Marathon Myths That We Believe
But even when I started to run marathons, I still found myself confronted with false information from fellow enthusiasts. I even believed some myself, clear into my third race. These are some of the big marathon myths, which I would like to take the chance to debunk, once and for all.
Myth #1: No walking allowed
I believed this one for so long and I am embarrassed by my attitude. It kept me from running a marathon well past the time I could have done so and gotten through it. It kept me at 5k’s, which were fine, but after a couple they just weren’t a challenge anymore. I was paying hefty sign up fees to run races that were less strenuous than my usual home runs!
The truth is, many marathon runners are not able to keep up the stamina through the entire 26.2 miles of a standard marathon. And there is nothing wrong with that! Taking a breather and walking throughout can give you the drive you need to make that extra push to the finish line.
We all start somewhere and the important thing is that you are there to run in the first place. Just signing up and showing up means you are already well beyond those who feel they don’t have the skill to try.

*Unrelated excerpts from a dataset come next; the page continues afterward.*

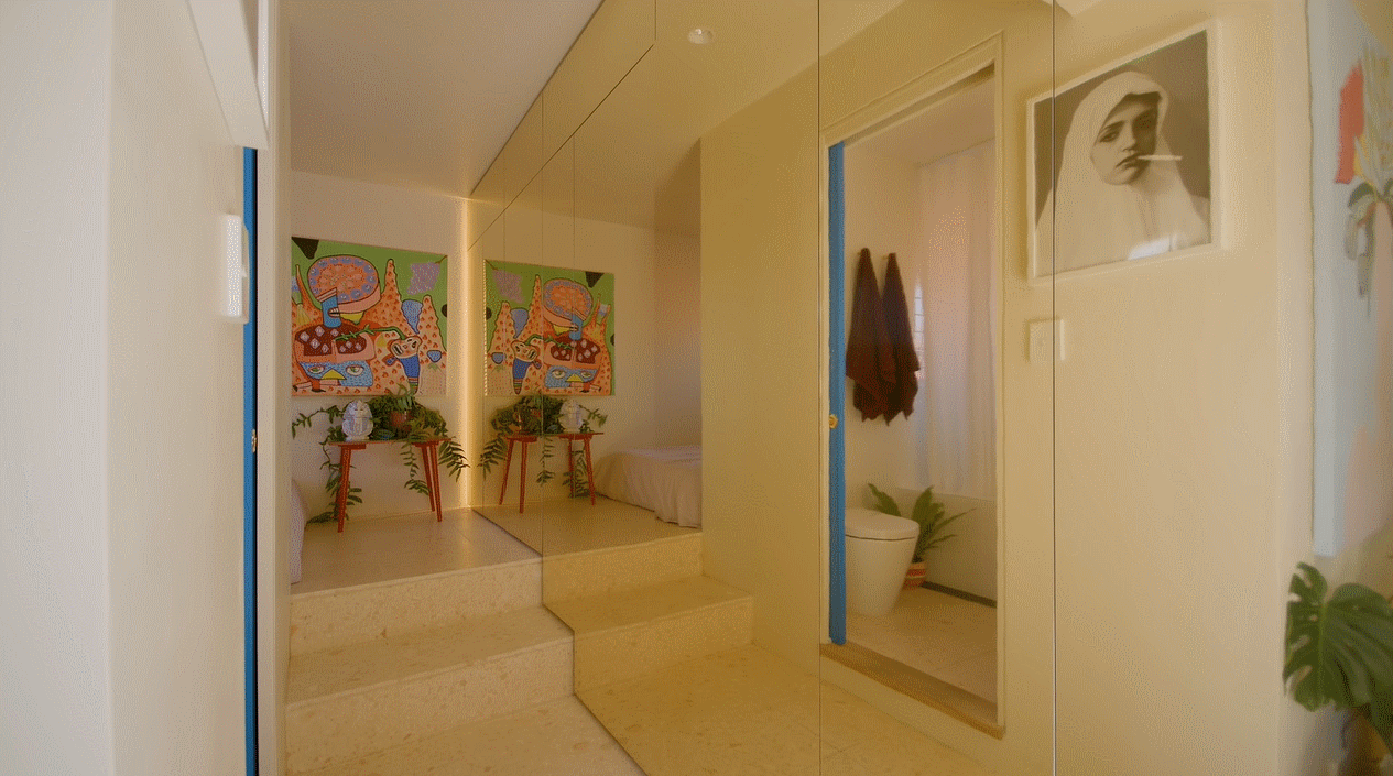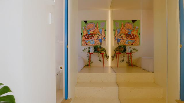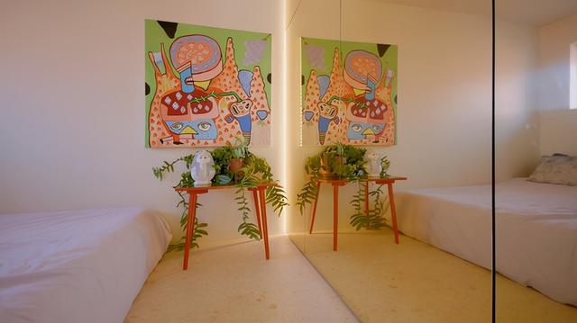 角落里的小凳子是用来摆放装饰品和存放手机、茶杯的,但目前主要是用来堆放绿植。墙画是男主人自己手绘的抽象作品,很有纪念意义。床对面是过道衣柜的延伸结构,储物能力强,墙角嵌有灯带。
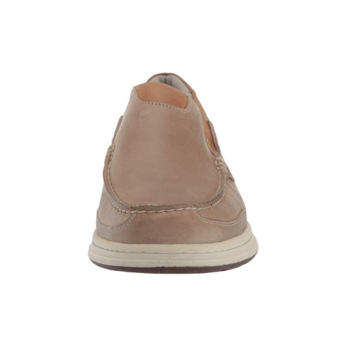 - Smooth leather uppers with contrast stitching and a moc toe.
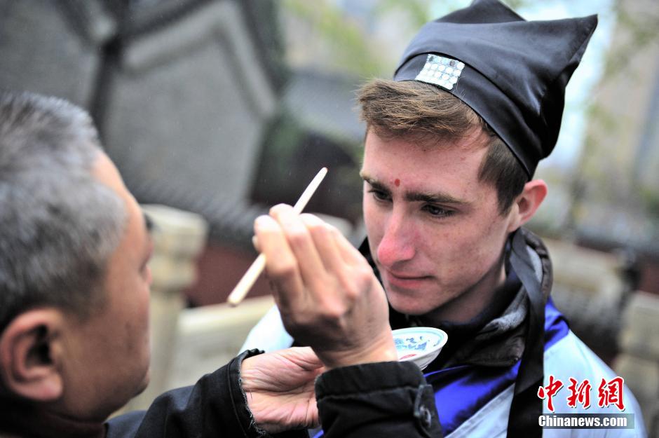4月2日,天津文庙博物馆为来自天津理工大学的60余名新加坡、马来西亚、泰国三国留学生举办开笔礼,通过正衣冠、沐手净面、击鼓鸣志、祭孔行礼、开笔大礼等开笔礼主要仪程,让他们感受中华民族传统文化的独特魅力,增进外国留学生对中国传统文化的了解。开笔礼仪式古而有之,俗称“破蒙”,标志学童从此开始进入学习阶段,让学子认知孔子、感悟中华传统文化,让学子在凝重庄严的开笔礼仪式中,体验尊师重教的传统美德。 中新社发 佟郁 摄
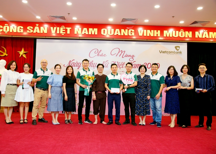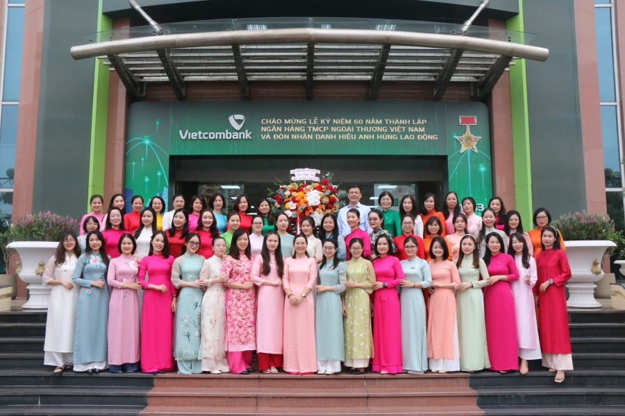 Bên cạnh đó, sáng ngày 18/10/2023, tại trụ sở chi nhánh, ông Lê Ngọc Thái - Bí thư Đảng ủy, Giám đốc chi nhánh đã tặng hoa và gửi lời chúc mừng đến toàn thể các CBNV nữ của Vietcombank Hải Phòng. Tất cả các chị em phụ nữ của Chi nhánh trong những tà áo dài rực rỡ màu sắc đã cùng nhau chụp những bức ảnh kỷ niệm trong ngày tôn vinh ngày Phụ nữ Việt Nam.
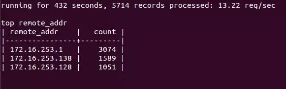 $ ngxtop top remote_addr

Myth #2: You have to run fast
Which brings us to myth number two, that you have to run fast or else you aren’t doing it right. Marathon runners (myself included) can get super hung up on their “time”. They want to finish as fast as possible, so they can brag to all of their friends about how quickly they made it through those grueling miles and came out on top.
It is hard not to get drawn into this kind of thinking. We runners can be a competitive bunch and there is a certain feeling of pride each time we shave a few seconds off of our races. We all secretly dream of breaking the world record (currently help by Dennis Kimetto from Kenya, who ran the fastest marathon in 2014 in just over two hours).
Just like you don’t have to keep a running pace all the time, you also don’t have to be fast. It is totally possible to be behind all of the others and still come out the other side feeling that sweet accomplishment, just from having stuck with it and finished.
Myth #3: You have to run/suffer alone
I truly believe that one of the reasons my friend got me into running was so she didn’t have to keep doing it on her own. In fact, I regularly joke that she wanted me to suffer at her side, because misery loves company. But this is a common feeling, that running has to be a solitary effort. Especially when training for a marathon.
When my friend ended up moving to another city, it just didn’t make sense to run together anymore. Sure, we still sign up for some of the same races and we occasionally get together for a trail run. But for the most part we have had to take our runs away from one another and into new spheres.
Rather than pout and feel isolated, I ended up joining up with some Meetup groups in my area where people run together. While my daily training is usually alone, I go on group runs twice a week with others who are supportive of one another.
Myth #4: You have to have a lot of shorter races under your belt
Or, alternatively, that you have to run only. People seem to think that this is a process that only has one way of working. You start by training, slowly increase your stamina, start doing shorter races, then graduate to marathons. Some take it further and believe from there it only makes sense to move on to triathlons.
This is your experience and how you do it is up to you. If you are a long form runner, it doesn’t matter if you have never run a race before. If you are a bodybuilder and are used to hours of exercise without a break, a marathon may be right up your alley.
You are not beholden to any one way of thinking.
Running For Fun and Health
We all have our ways of coping with long runs and races. Having the facts about what is and isn’t true about marathons can help you to push past the noise and get into the zone. Whether you are running for fun, health or both, don’t let the myths distract you!